- _Data for analysis_
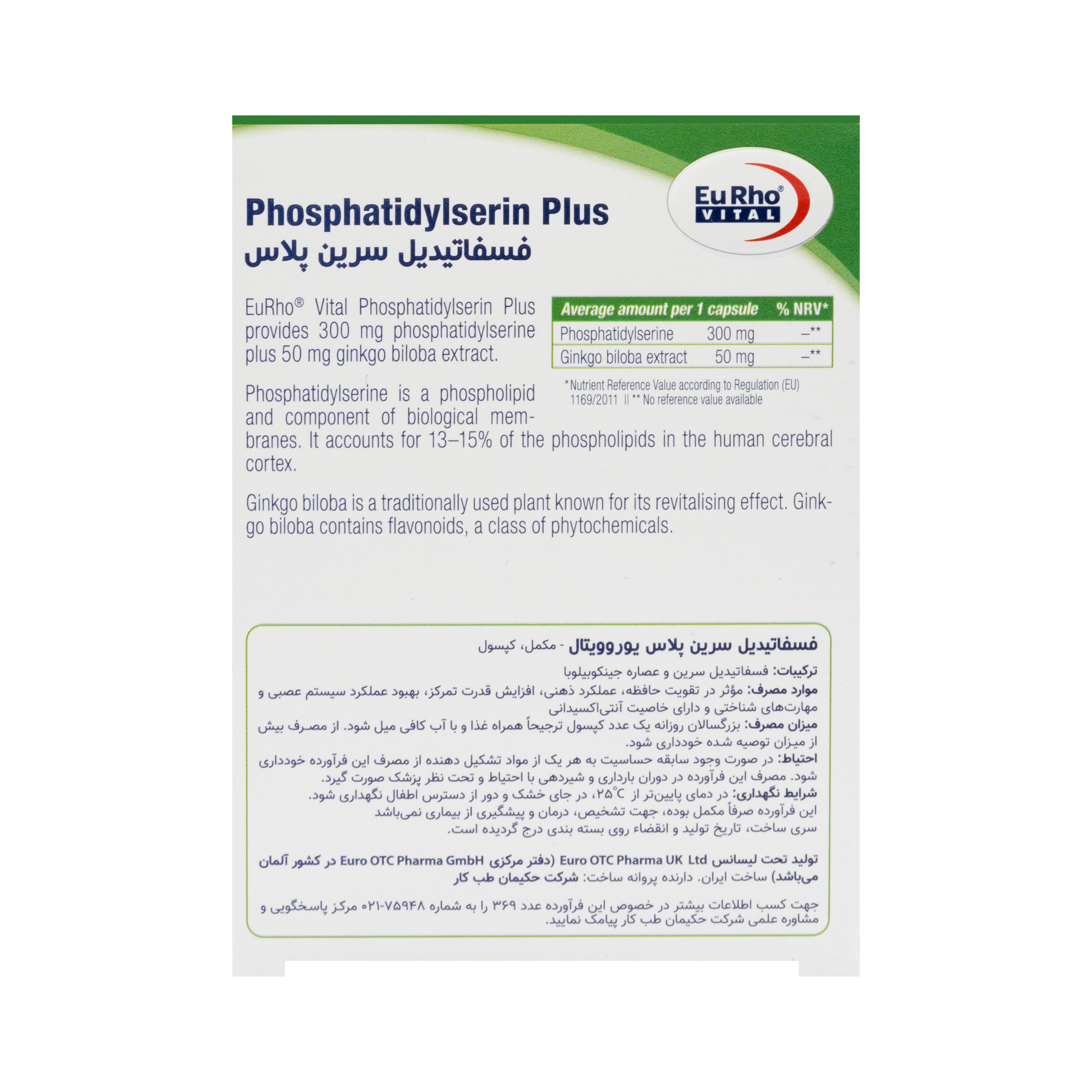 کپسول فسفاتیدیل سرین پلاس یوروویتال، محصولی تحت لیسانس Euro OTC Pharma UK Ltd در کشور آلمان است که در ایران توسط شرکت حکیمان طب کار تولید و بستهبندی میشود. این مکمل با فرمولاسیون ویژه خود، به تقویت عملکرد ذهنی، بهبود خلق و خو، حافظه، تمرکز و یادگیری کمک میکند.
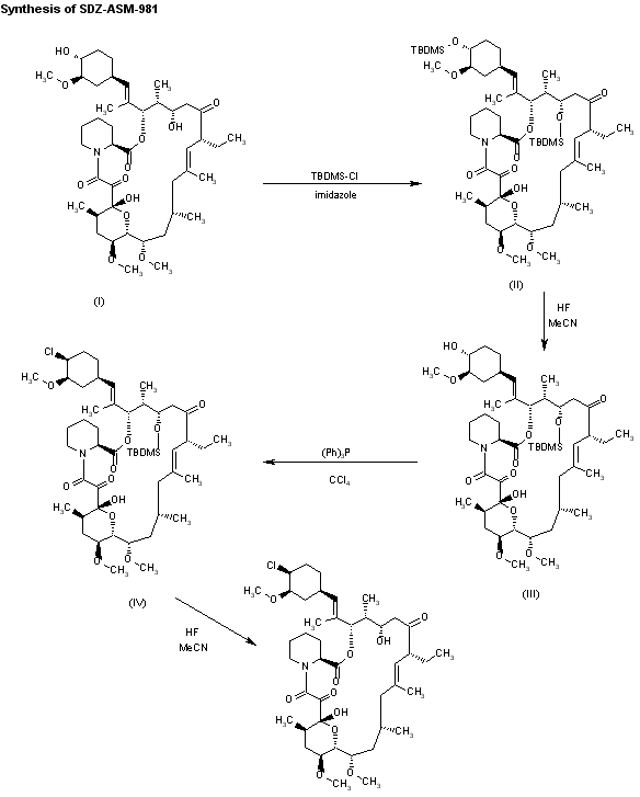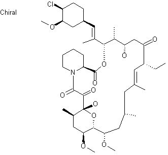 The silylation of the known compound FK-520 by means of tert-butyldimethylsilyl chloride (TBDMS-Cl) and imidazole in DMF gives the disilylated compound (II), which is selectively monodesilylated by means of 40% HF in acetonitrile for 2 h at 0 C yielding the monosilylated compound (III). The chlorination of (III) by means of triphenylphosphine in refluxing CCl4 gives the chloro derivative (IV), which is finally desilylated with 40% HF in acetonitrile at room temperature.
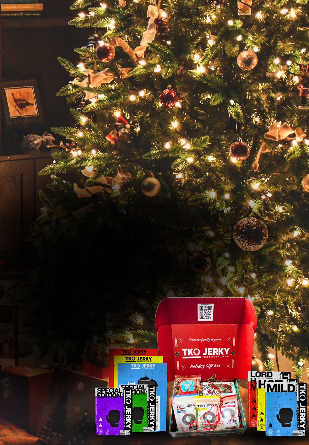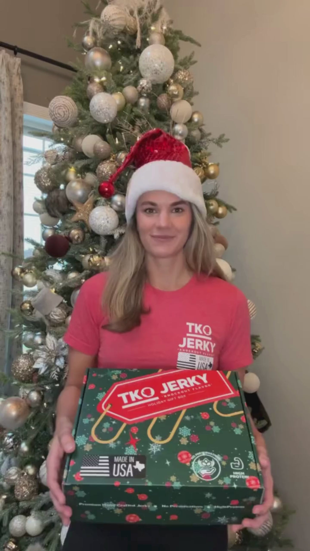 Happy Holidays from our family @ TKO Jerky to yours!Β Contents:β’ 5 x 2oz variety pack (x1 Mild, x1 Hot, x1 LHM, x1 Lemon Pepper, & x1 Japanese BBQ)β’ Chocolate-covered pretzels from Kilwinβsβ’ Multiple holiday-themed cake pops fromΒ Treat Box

---

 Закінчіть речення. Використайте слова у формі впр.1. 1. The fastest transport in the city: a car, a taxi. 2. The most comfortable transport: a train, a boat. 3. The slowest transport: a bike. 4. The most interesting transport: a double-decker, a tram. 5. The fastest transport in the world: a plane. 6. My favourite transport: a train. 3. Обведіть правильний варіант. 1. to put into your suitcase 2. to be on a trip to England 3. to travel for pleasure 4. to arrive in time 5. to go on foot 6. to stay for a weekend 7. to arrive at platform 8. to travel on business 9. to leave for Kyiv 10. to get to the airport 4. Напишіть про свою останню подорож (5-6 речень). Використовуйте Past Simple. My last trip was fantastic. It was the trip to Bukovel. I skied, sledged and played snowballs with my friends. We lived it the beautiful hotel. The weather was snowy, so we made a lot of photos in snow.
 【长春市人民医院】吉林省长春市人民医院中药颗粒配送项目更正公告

- _Exercise_
Range to copy from the records above: the line containing "کپسول فسفاتیدیل سرین" to the line containing "Happy Holidays from", both included. Output those lines exactly and only those, skipping pictures.

- _Result of this exercise_
 کپسول فسفاتیدیل سرین پلاس یوروویتال، محصولی تحت لیسانس Euro OTC Pharma UK Ltd در کشور آلمان است که در ایران توسط شرکت حکیمان طب کار تولید و بستهبندی میشود. این مکمل با فرمولاسیون ویژه خود، به تقویت عملکرد ذهنی، بهبود خلق و خو، حافظه، تمرکز و یادگیری کمک میکند.
 The silylation of the known compound FK-520 by means of tert-butyldimethylsilyl chloride (TBDMS-Cl) and imidazole in DMF gives the disilylated compound (II), which is selectively monodesilylated by means of 40% HF in acetonitrile for 2 h at 0 C yielding the monosilylated compound (III). The chlorination of (III) by means of triphenylphosphine in refluxing CCl4 gives the chloro derivative (IV), which is finally desilylated with 40% HF in acetonitrile at room temperature.
 Happy Holidays from our family @ TKO Jerky to yours!Β Contents:β’ 5 x 2oz variety pack (x1 Mild, x1 Hot, x1 LHM, x1 Lemon Pepper, & x1 Japanese BBQ)β’ Chocolate-covered pretzels from Kilwinβsβ’ Multiple holiday-themed cake pops fromΒ Treat Box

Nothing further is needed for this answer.